"IOPub data rate exceeded" error in Jupyter Notebook web scraper

I’m trying to scrape some data from a website on Jupyter Notebooks using BeautifulSoup, and I keep getting this error.

IOPub data rate exceeded.
The notebook server will temporarily stop sending output
to the client in order to avoid crashing it.
To change this limit, set the config variable
`--NotebookApp.iopub_data_rate_limit`.

Current values:
NotebookApp.iopub_data_rate_limit=1000000.0 (bytes/sec)
NotebookApp.rate_limit_window=3.0 (secs)

Obviously I’ve googled this, and it seems like it can be changed with some configuration file in Jupyter, but I haven’t been able to get that to work.
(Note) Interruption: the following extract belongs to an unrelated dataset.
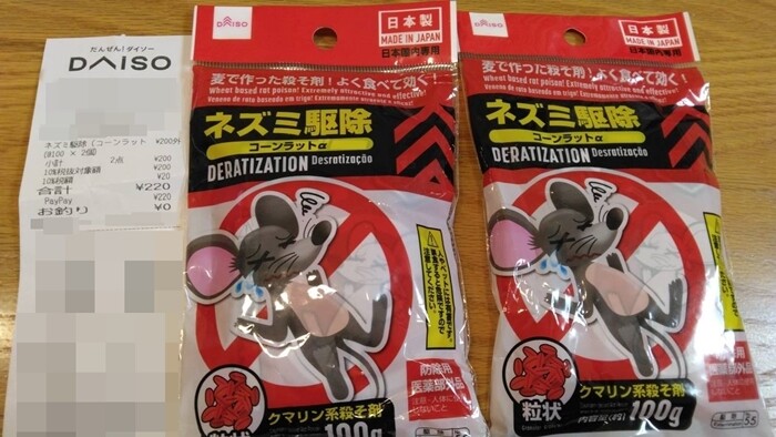 こむぎさんからコメントで教えていただきましたダイソーの殺鼠剤を買ってきまして。

I also suspect that’s not the real problem in my case as:

  1. I’m only trying to scrape text data
  2. I have scraped the same data I’m TRYING to extract from this page before without getting this error, I just was getting it in a slightly different way
  3. I’ve tried a workaround (inserting some time.sleep() breaks into my loops, but even that doesn’t seem to help.

Here’s the code I have currently:

# Create a cache that we can access after scraping, just in case
requests_cache.install_cache('missing_children_cache')

# Iterate through each URL in the relevant section of Baobeihuijia forum
url_list1 = ["https://bbs.baobeihuijia.com/forum-191-{}.html".format(str(page)) for page in range(1, 2)]
 
# Create the lists we'll use to collect data
datalist = []

# SCRAPE DATA 
# Create a cache that we can access after scraping, just in case
requests_cache.install_cache('missing_children_cache')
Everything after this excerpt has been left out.